For self-funded plans, the plan administrator is responsible for creating and providing the SBC. For insured plans, the issuer is required to provide the SBC to the plan sponsor. Both the plan and   the issuer are obligated to provide the SBC, although this obligation    is satisfied for both parties if either one provides the SBC

  • Prepare to use the new SBC template as follows:
    • Plans with annual open enrollment periods must start using the new  template on the first day of the first open enrollment period that  begins on or after April 1, 2017, with respect to coverage for plan or  policy years beginning on or after that date.
    • Plans without an annual open enrollment period must start using the  new template on the first day of the first plan or policy year that begins  on or after April 1, 2017.
  • If you have an insured plan, confirm whether your health insurance  issuer will assume responsibility for providing SBCs

Reinsurance Fees

ACA Requirement

Action Items

 

Health insurance issuers and self-funded group health plans that provide major medical coverage must pay fees to a reinsurance program for 2014–2016. Fully insured plan sponsors do not have to pay the fee directly. Reinsurance fees do not apply for 2017 and beyond, although the 2016 reinsurance fees will be paid in 2017.
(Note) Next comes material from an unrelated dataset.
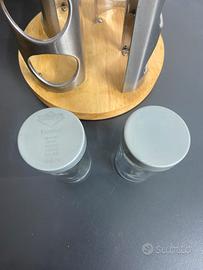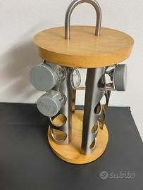 Portaspezie marca Kuchenprofi girevole in legno e metallo. Comprensivo di 16 barattoli in vetro vuoti con le scritte sul tappo cancellate.

Reinsurance fees are based on an annual national contribution rate and are calculated by multiplying the number of covered lives (employees and their dependents) for all of the entity’s plans and coverage that must pay contributions by the national contribution rate for the year. For 2016, the national contribution rate is $27 per enrollee per year (about $2.25 per month). The fees may be paid in either one lump sum or in two installments

  • For plans subject to the reinsurance fee in 2016, submit the 2016 contribution form and make appropriate payments for the 2016 benefit year, as follows:
    • If you are paying in one lump sum, $27 per covered life is due by Jan. 15, 2017.
    • If you are paying in two installments, $21.60 per covered life is due by Jan. 15, 2017, and $5.40 per covered life is due by Nov. 15, 2017.
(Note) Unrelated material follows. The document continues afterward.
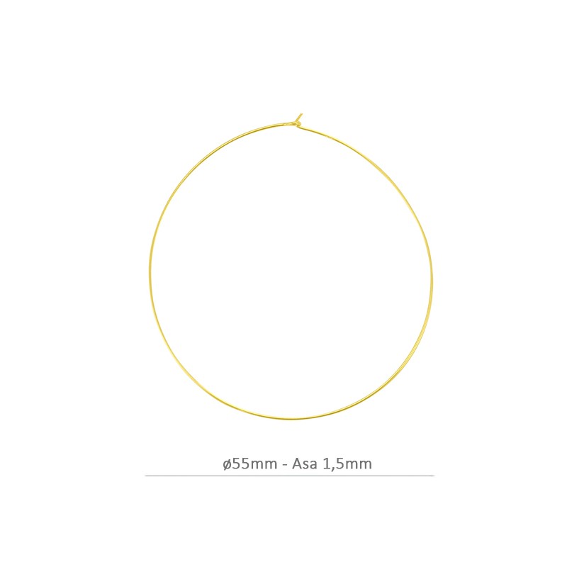 Fornitura para pendiente, de plata con baño de oro. La bolsa contiene 2 unidades. El tamaño es de 55mm - Asa 1,5mm.

Employer Shared Responsibility Rules

Under the ACA’s employer shared responsibility rules, applicable large employers (ALEs) that do not offer affordable, minimum value health coverage to their full-time employees (and dependent children) will be subject to penalties if any full-time employee receives a subsidy for health coverage through an Exchange. These employer shared responsibility requirements are also known as the “employer mandate” or “pay or play” rules.

Please keep in mind that this section includes updates to the employer shared responsibility rules for 2017. It does not provide an in-depth description of the rules or an analysis of how the rules will affect your organization. Please contact Martin J. Wolff & Company Inc., Insurance Agents for more information on the employer shared responsibility rules, including a more comprehensive compliance checklist for 2017.

ACA Requirement

Action Items

Health Plan Affordability: An ALE’s health coverage is affordable if the employee’s required contribution for the lowest-cost self-only coverage that provides minimum value does not exceed 9.5 percent of the employee’s household income for the taxable year (adjusted to 9.69 percent for plan years beginning in 2017).
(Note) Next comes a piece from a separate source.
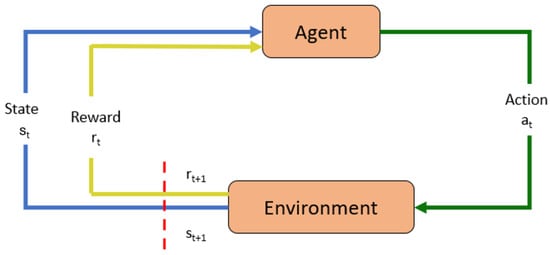 The basic framework of reinforcement-learning algorithms consists of an agent that takes actions according to its state space in a particular environment and receives feedback to perform the defined task. Over time, the continuous agent–environment interaction leads to a maximized reward [7]. The agent, in its initial state, , in the environment, acts, , and, in return, receives a reward, , to decide its following action to acquire the next state, . This iterative approach follows a continually updating policy function to estimate its next move. This can be seen in Figure 3.

Because an ALE generally will not know an employee’s household income, three affordability safe harbors may be used to determine the plan’s affordability based on information that is available to the ALE. These safe harbors allow an ALE to measure affordability based on the employee’s W-2 wages, the employee’s rate-of-pay income or the federal poverty level for a single individual.

 

  • Review the cost of your health plan coverage to determine whether it’s affordable for your employees by using one or more of the affordability safe harbors.
  • For plan years beginning in 2017, coverage is affordable if the employee portion of the premium for the lowest-cost, self-only coverage that provides minimum value does not exceed 9.69 percent of an employee’s W-2 wages, rate-of-pay income or the federal poverty level for a single individual. The cost of family coverage is not taken into account.

 

 

 

 

Other updated amounts have not yet been announced, but may change for 2017 (such as the dollar amounts for calculating employer shared responsibility penalties).